─── INFORMATION SUPPLIED ───
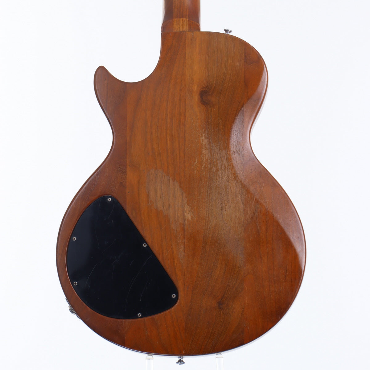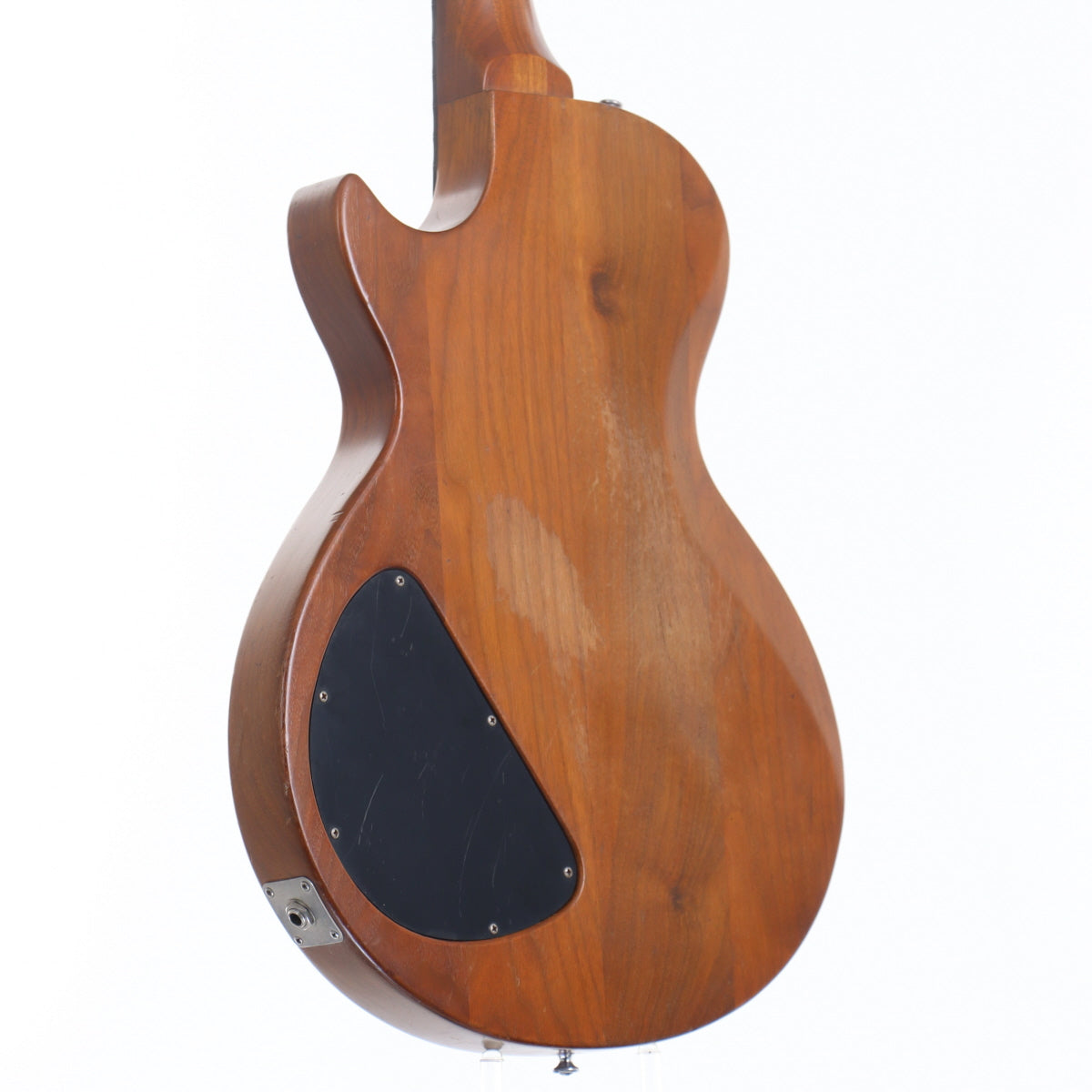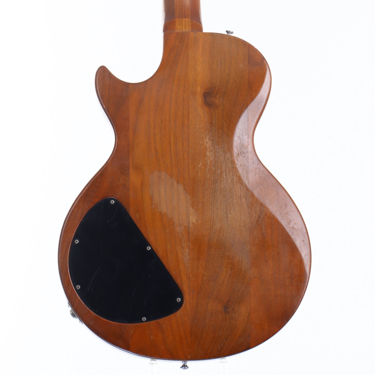 その最大の魅力はウォルナットを贅沢に使用した、アッパークラスの材に似た高級感がありながらも控えめな外観にあります。ボディとネックがセットネック構造のウォルナット、指板にはエボニーを採用し、見た目もサウンドも“自然な木の響き”が際立つ仕上がりになっています。
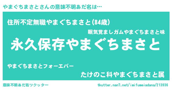 | 胡散臭い通販商品みたいなあだ名 | 『絶対に幸福をもたらす水素水…その名も「やまぐちまさと」』 |
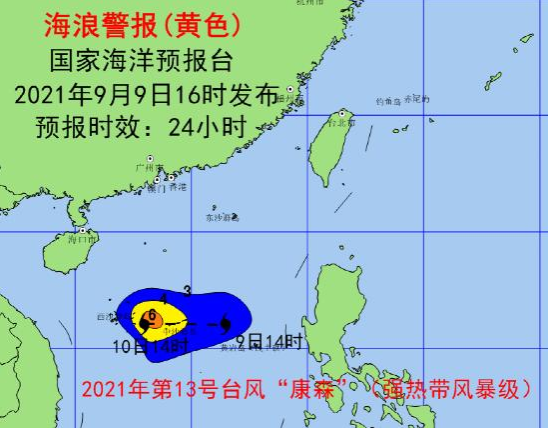 记者从自然资源部国家海洋预报台了解到,今天(9月9日)15时,今年第13号台风“康森”(强热带风暴级)的中心位于距离海南省三沙市(西沙永兴岛)东偏南方向约445公里的海面上,国家海洋预报台今天下午发布海浪黄色警报。
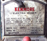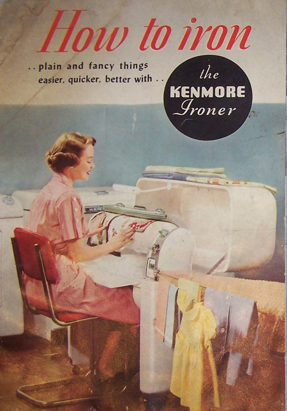Kenmore Ironer (c. 1930) Click to Enlarge Sears continued to sell Kenmore Ironers well into the 1950s. We were privileged to get this note from Pam, one of our readers: "... I have a 1952 Kenmore Ironer with the manuals. My Grandfather bought it for my Grandmother in the 1950s. She used it to iron his suits because he was a door to door insurance salesman..." Here are Pam's photos:
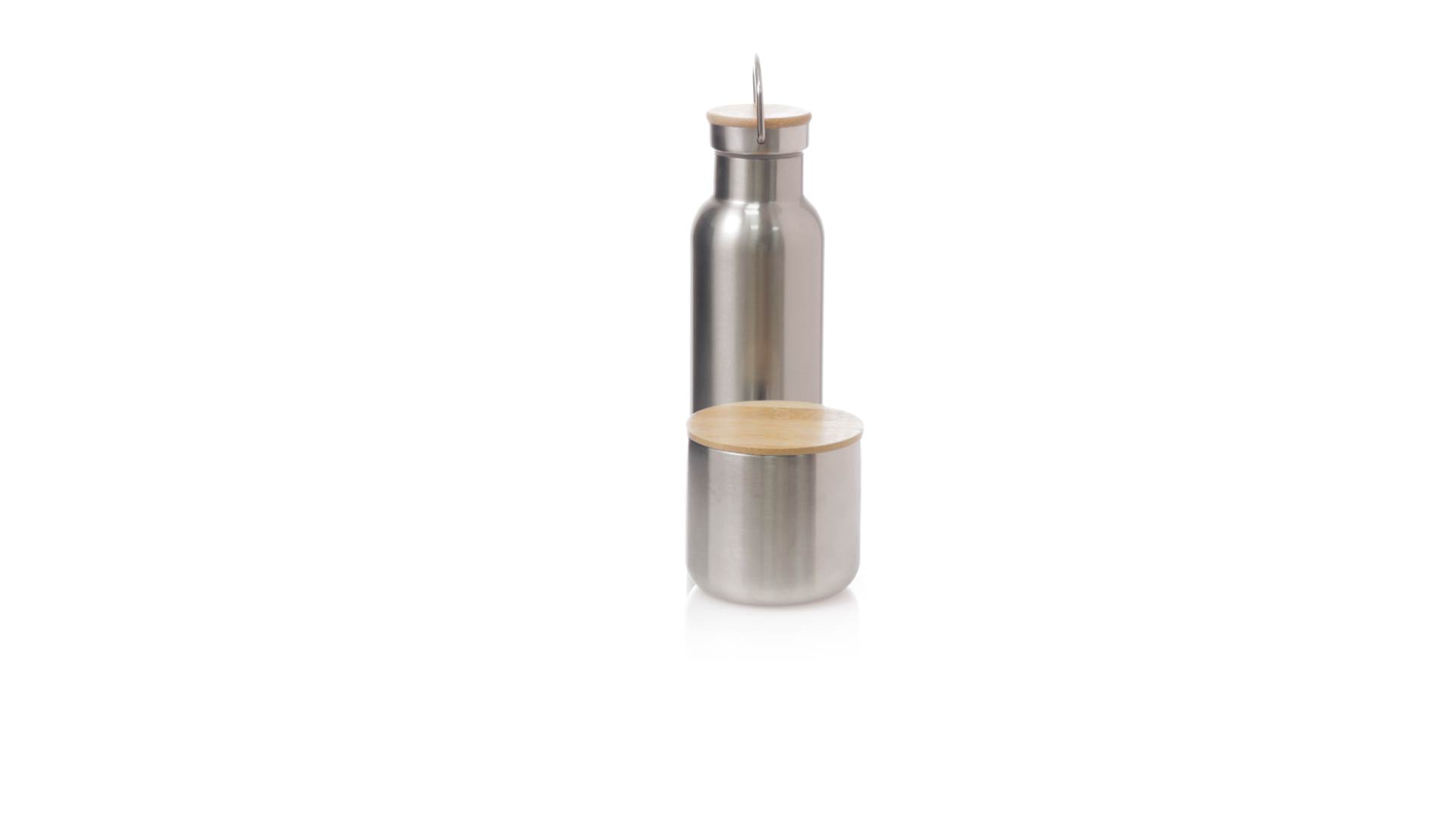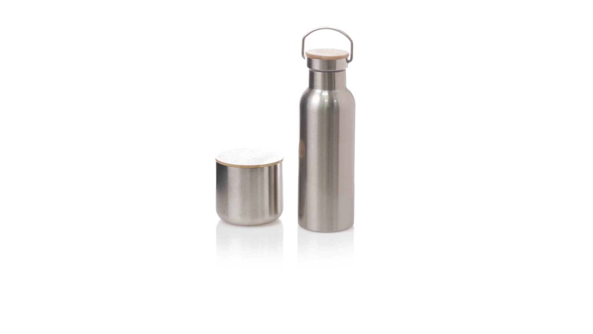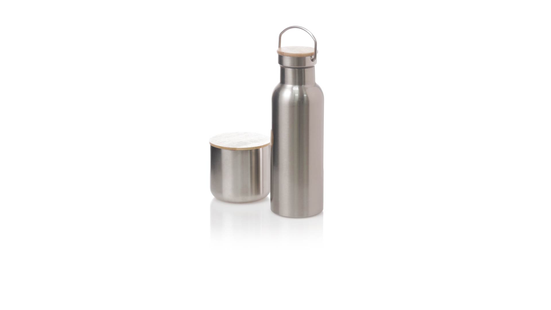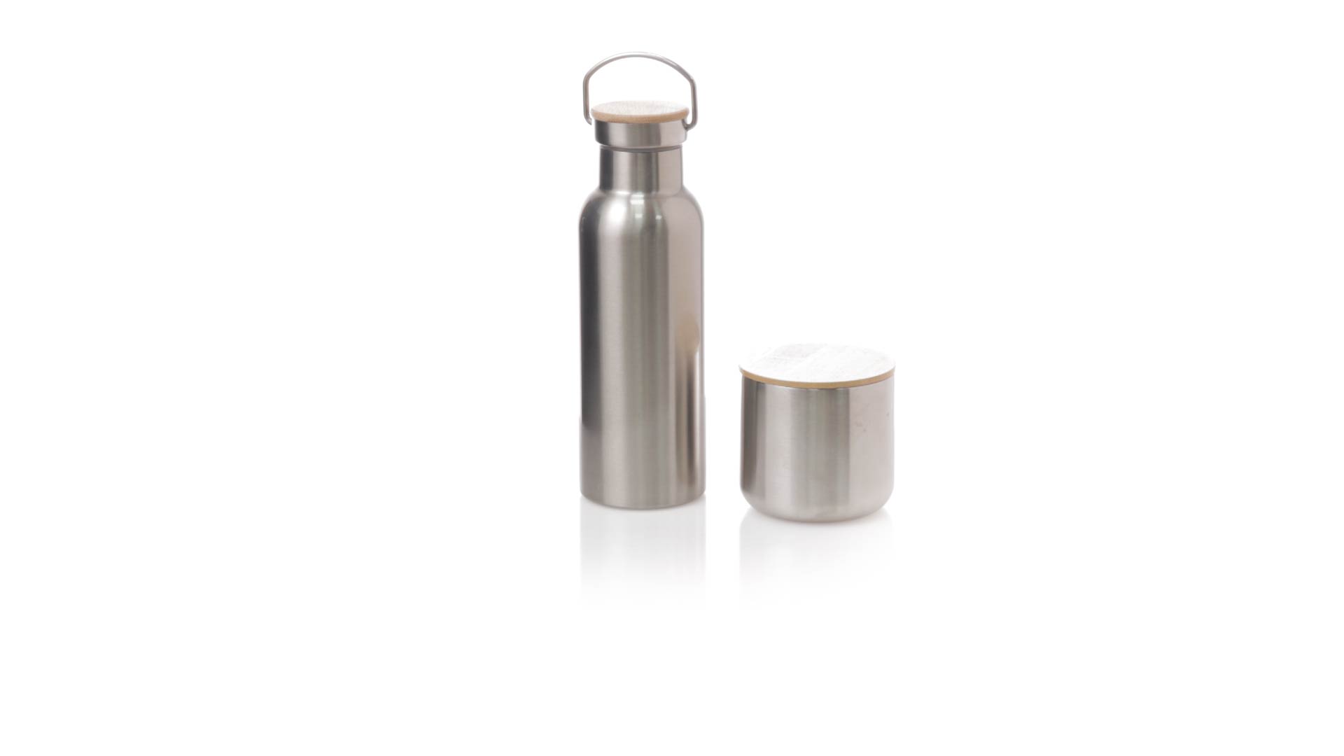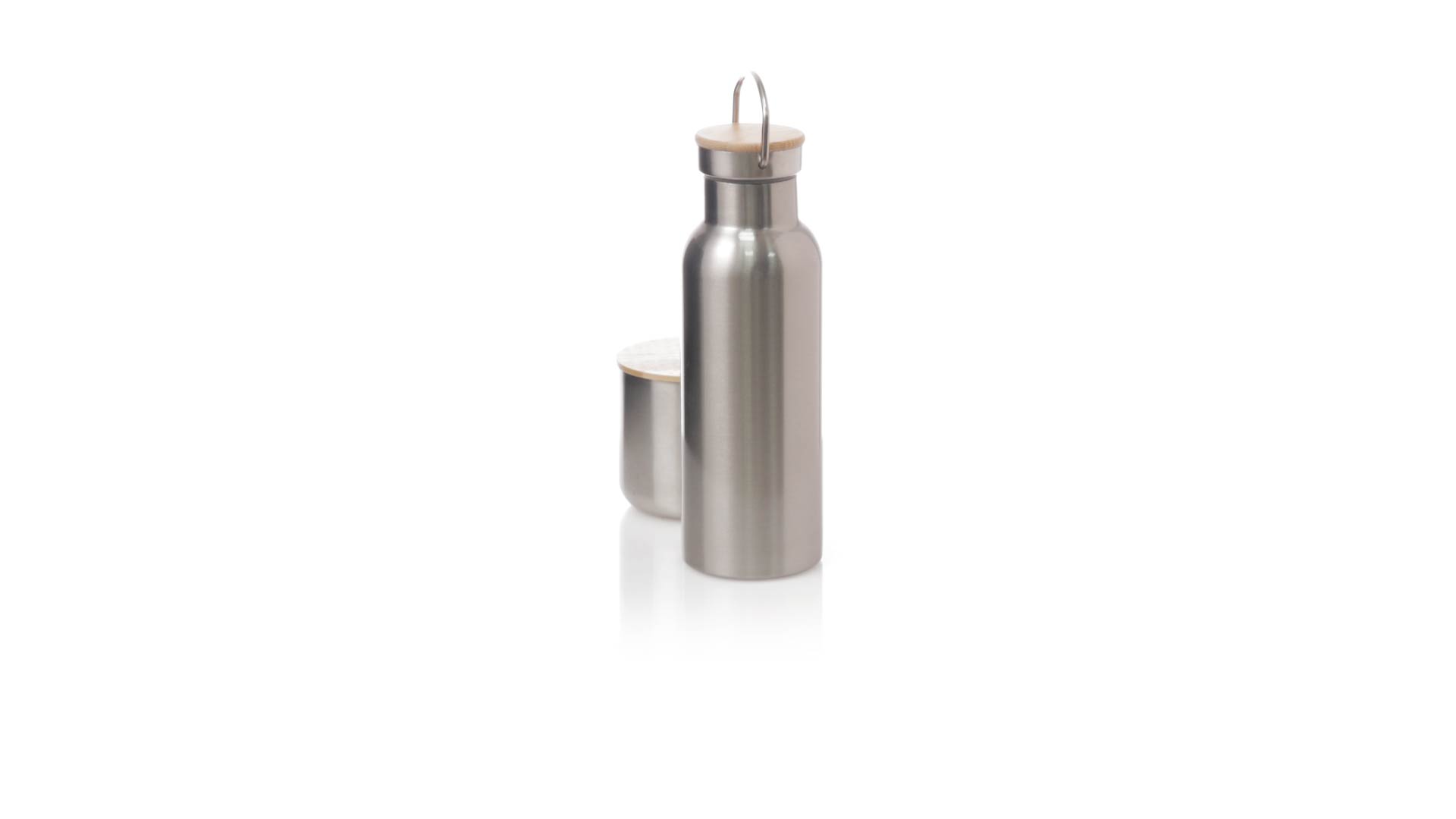 Praktisches Trink- und Thermobecher-Set aus Edelstahl. Inklusive, 500ml Thermoflasche aus Edelstahl, Schraubverschluss mit Bambusbasis und Tragegriff. Darüber hinaus enthält es 1 Becher mit einem Fassungsvermögen von 300 ml in Edelstahl und einen Bambusdeckel mit Druckverschluss. Präsentiert in einer Kraftbox.
───
### WORK ITEM
Write out the line that contains "胡散臭い通販商品みたいなあだ名 | 『絶対に幸福をもたらす水素水…その名も「やまぐちまさと」』 |" and every line after it to the end of the data, exactly as they stand. Omit the pictures.

### EXERCISE RESULT
 | 胡散臭い通販商品みたいなあだ名 | 『絶対に幸福をもたらす水素水…その名も「やまぐちまさと」』 |
 记者从自然资源部国家海洋预报台了解到,今天(9月9日)15时,今年第13号台风“康森”(强热带风暴级)的中心位于距离海南省三沙市(西沙永兴岛)东偏南方向约445公里的海面上,国家海洋预报台今天下午发布海浪黄色警报。
Kenmore Ironer (c. 1930) Click to Enlarge Sears continued to sell Kenmore Ironers well into the 1950s. We were privileged to get this note from Pam, one of our readers: "... I have a 1952 Kenmore Ironer with the manuals. My Grandfather bought it for my Grandmother in the 1950s. She used it to iron his suits because he was a door to door insurance salesman..." Here are Pam's photos:
 Praktisches Trink- und Thermobecher-Set aus Edelstahl. Inklusive, 500ml Thermoflasche aus Edelstahl, Schraubverschluss mit Bambusbasis und Tragegriff. Darüber hinaus enthält es 1 Becher mit einem Fassungsvermögen von 300 ml in Edelstahl und einen Bambusdeckel mit Druckverschluss. Präsentiert in einer Kraftbox.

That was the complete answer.